--- Task description ---
Although the entries contain pictures, repeat only their words, exactly as written.

* * * * * * *

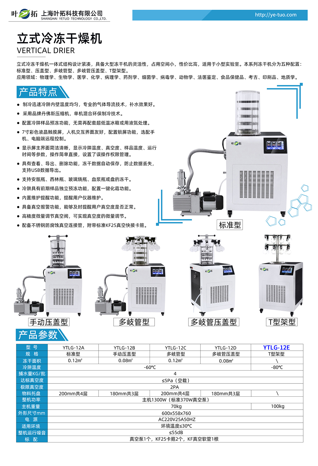 上海葉拓 YTLG-12E 立式凍干機的產品特點:
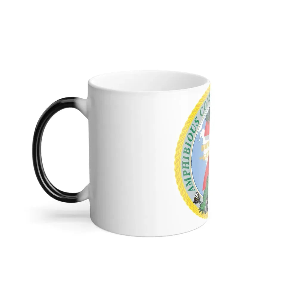 This 11oz Amphibious Construction Bn 2 SeaBees mug is a unique tribute to the U.S. Navy's Construction Battalions, also known as the Seabees. The design showcases the amphibious nature of these construction units, which operate both on land and at sea. The color-changing feature adds an element of surprise, mirroring the versatility and adaptability synonymous with the SeaBees. This mug is perfect for anyone who appreciates unique and cool drinkware, as well as those who hold a special place in their hearts for the brave men and women serving in the U.S. Navy.
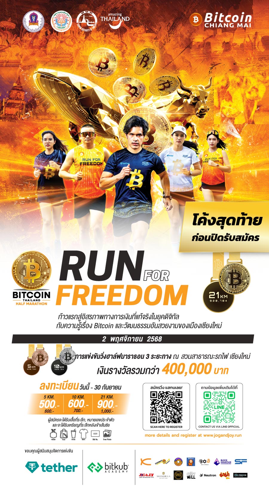 ได้กำหนดจัดการแข่งขันวิ่ง Bitcoin Thailand Half Marathon 2025 ขึ้น
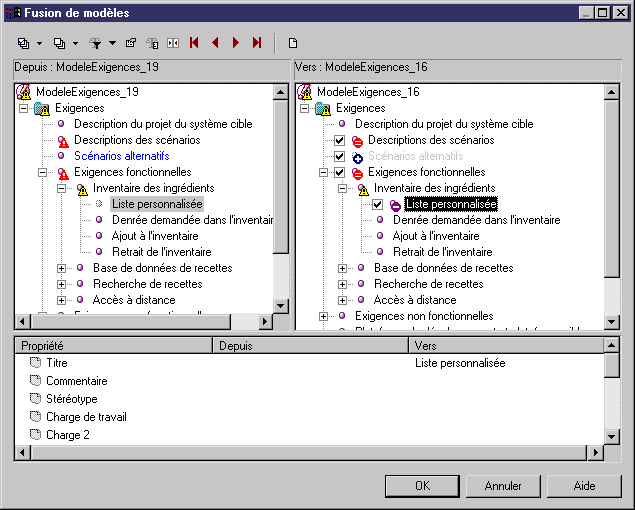 - Sélectionnez ou désélectionnez le titres à importer, puis cliquez sur Terminer pour lancer la mise à jour. La boîte de dialogue Fusion de modèles s'affiche, avec la structure du document Word modifié affichée dans le volet gauche, et le MGX existant dans le volet droit :
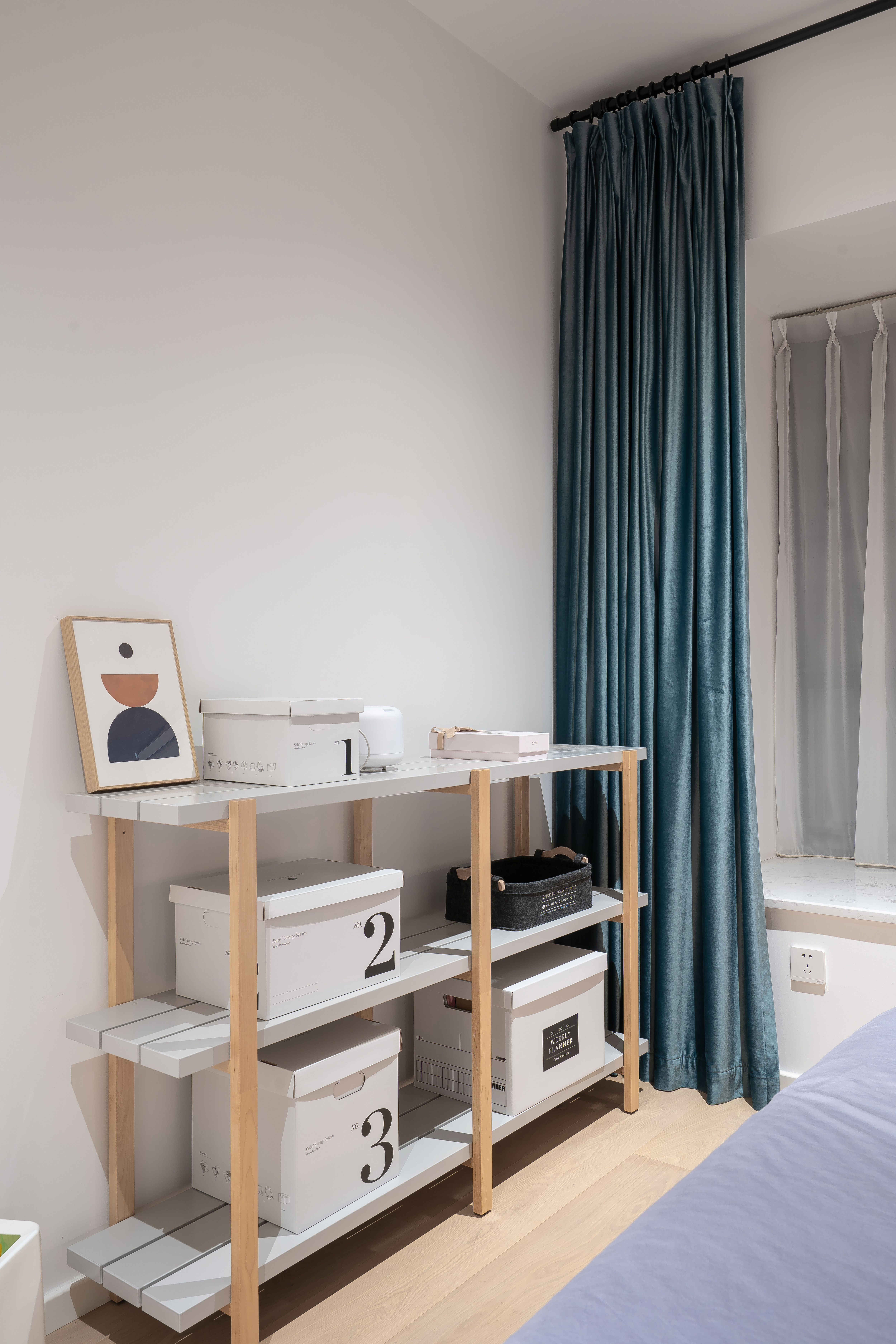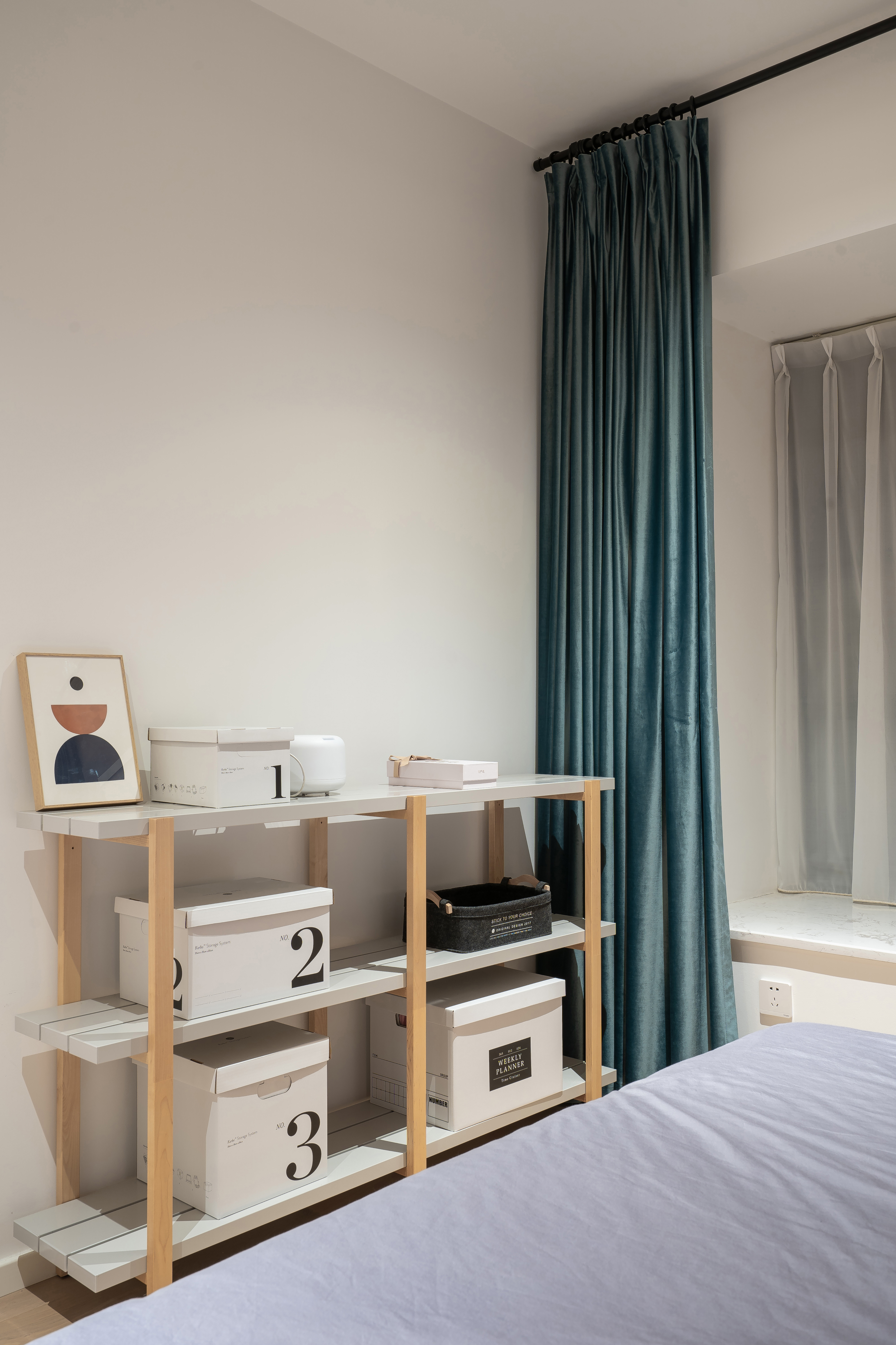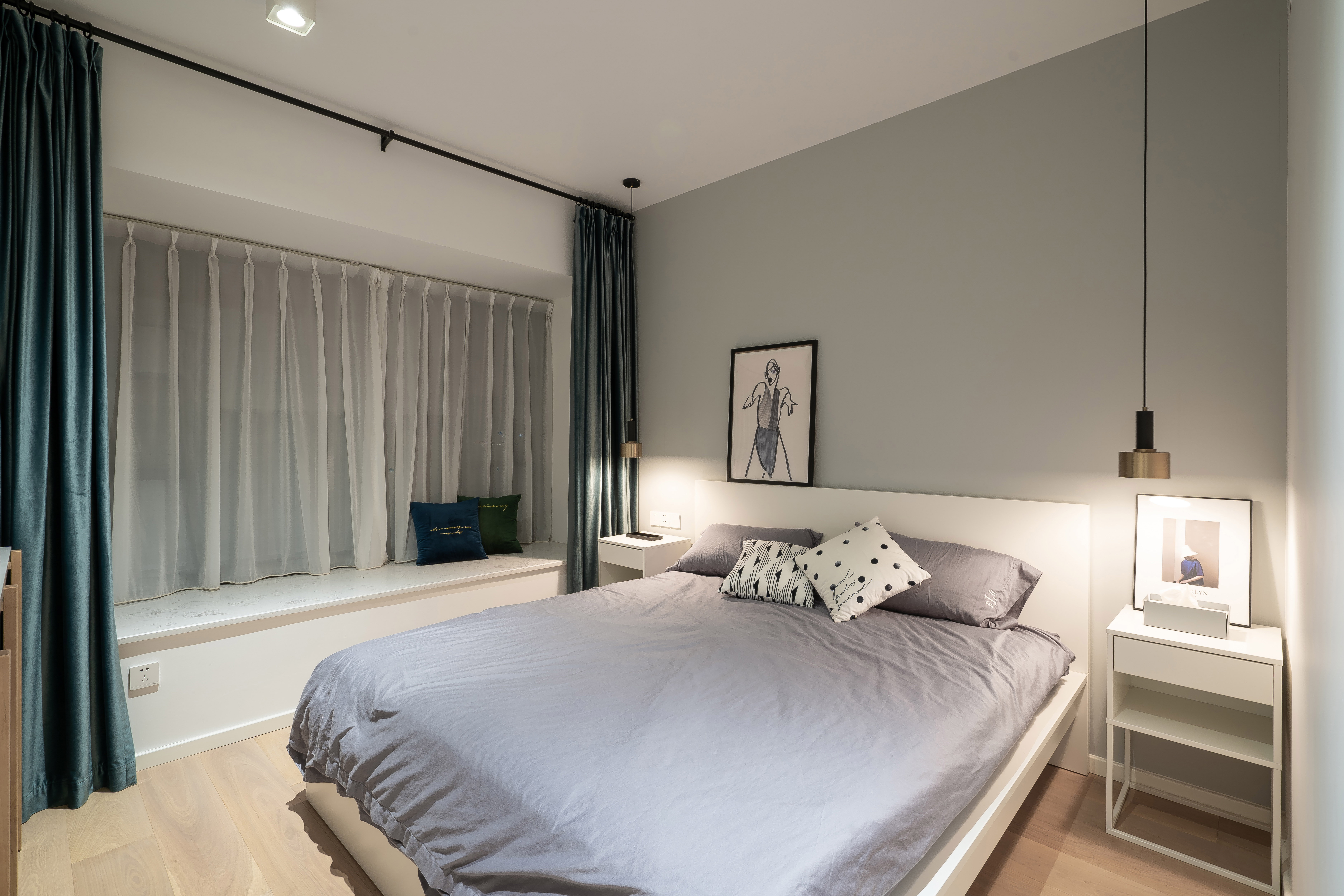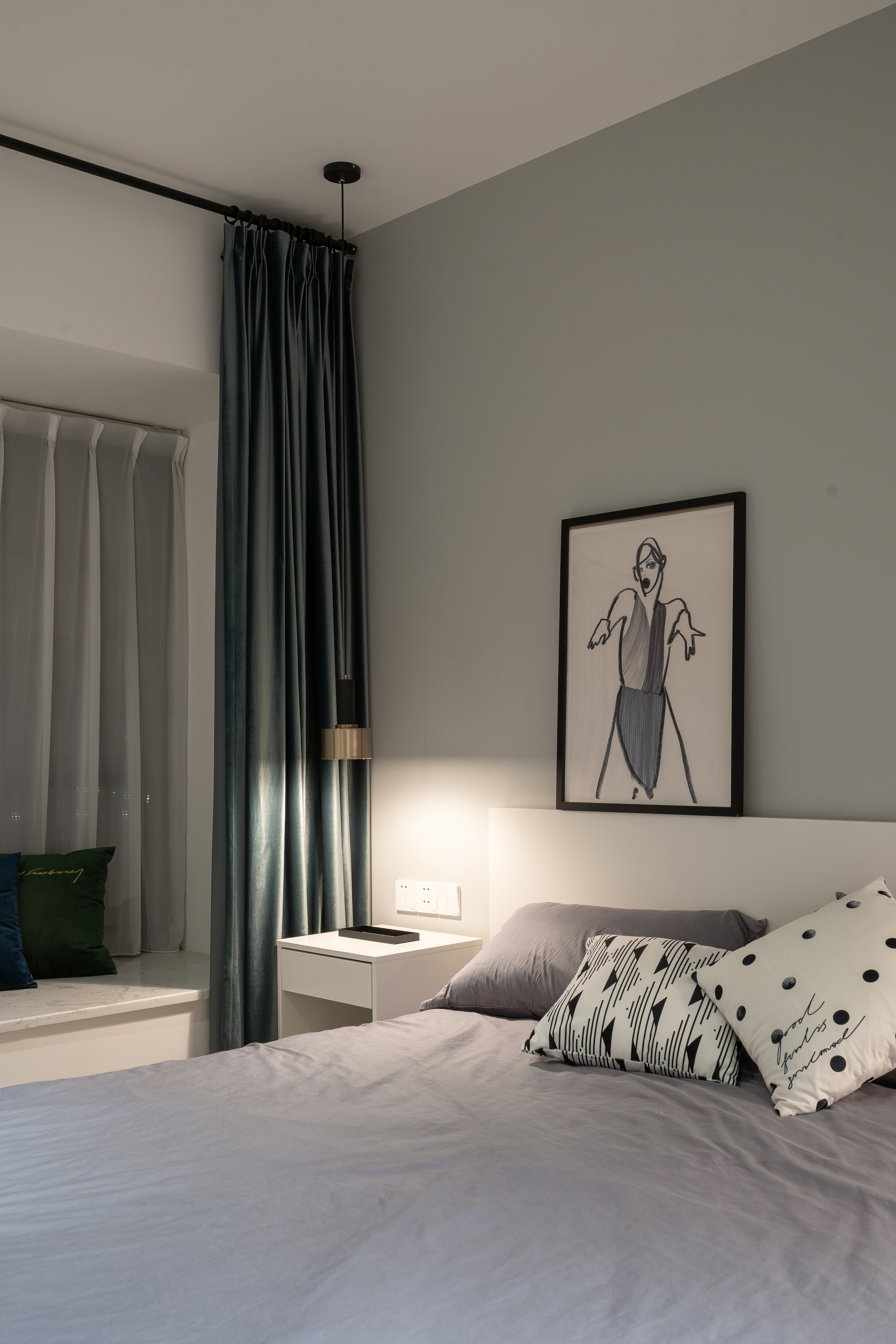 主卧窗帘采用的是丝绒材质,这个垂感非常好的材质如果只做在飘窗内,由于长度不够完全体现不出它的美感,所以我们将窗帘设计在了飘窗外,立马提升了高级感。
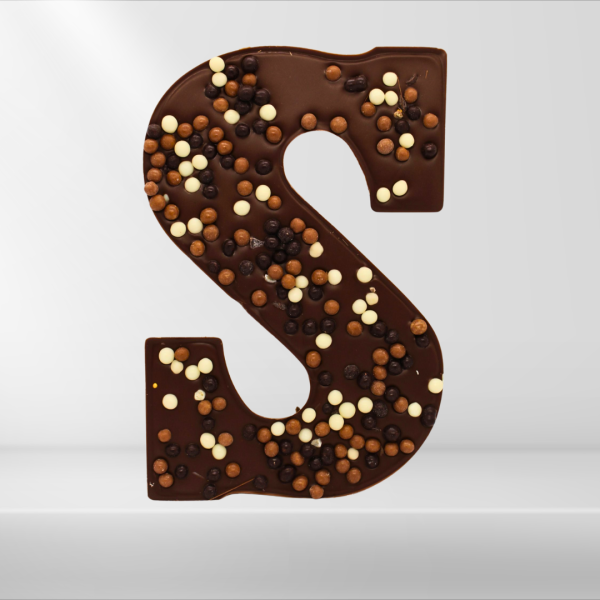 Chocolade letter S crispy. Verkrijgbaar in melk, witte en pure chocolade.
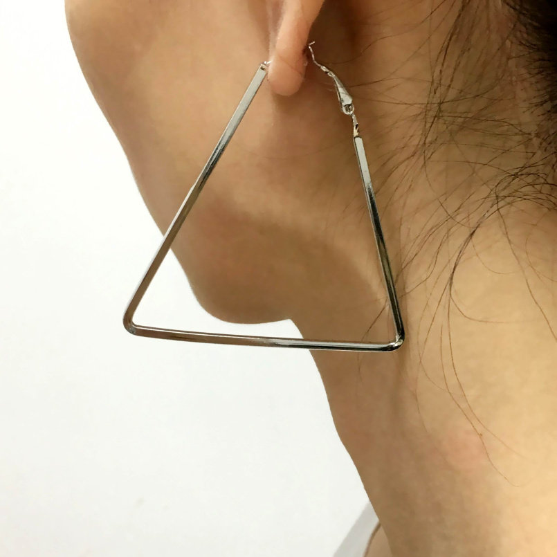 📚 韩版潮流时尚金属三角形耳环 韩国个性夸张气质夜店耳环女
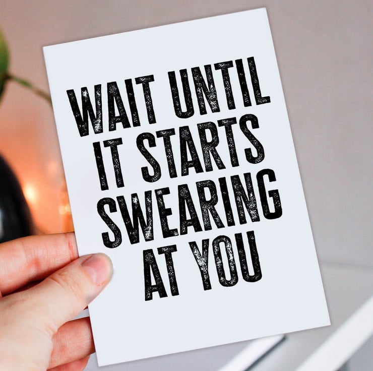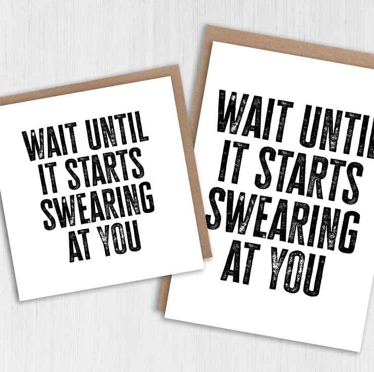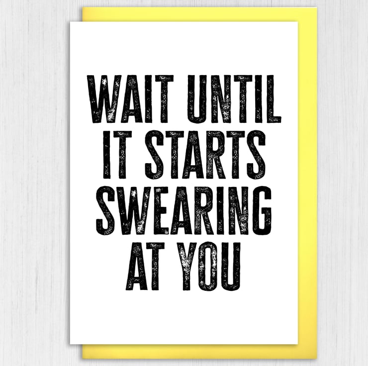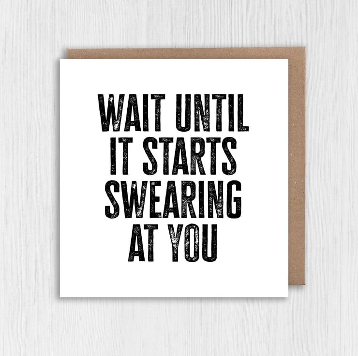 Funny new baby, baby shower, congratulations card: Wait until it starts swearing at you (Size A6/A5/A4/Square 6x6")

* * * * * * *

--- Solution to this exercise ---
 上海葉拓 YTLG-12E 立式凍干機的產品特點:
 This 11oz Amphibious Construction Bn 2 SeaBees mug is a unique tribute to the U.S. Navy's Construction Battalions, also known as the Seabees. The design showcases the amphibious nature of these construction units, which operate both on land and at sea. The color-changing feature adds an element of surprise, mirroring the versatility and adaptability synonymous with the SeaBees. This mug is perfect for anyone who appreciates unique and cool drinkware, as well as those who hold a special place in their hearts for the brave men and women serving in the U.S. Navy.
 ได้กำหนดจัดการแข่งขันวิ่ง Bitcoin Thailand Half Marathon 2025 ขึ้น
 - Sélectionnez ou désélectionnez le titres à importer, puis cliquez sur Terminer pour lancer la mise à jour. La boîte de dialogue Fusion de modèles s'affiche, avec la structure du document Word modifié affichée dans le volet gauche, et le MGX existant dans le volet droit :
 主卧窗帘采用的是丝绒材质,这个垂感非常好的材质如果只做在飘窗内,由于长度不够完全体现不出它的美感,所以我们将窗帘设计在了飘窗外,立马提升了高级感。
 Chocolade letter S crispy. Verkrijgbaar in melk, witte en pure chocolade.
 📚 韩版潮流时尚金属三角形耳环 韩国个性夸张气质夜店耳环女
 Funny new baby, baby shower, congratulations card: Wait until it starts swearing at you (Size A6/A5/A4/Square 6x6")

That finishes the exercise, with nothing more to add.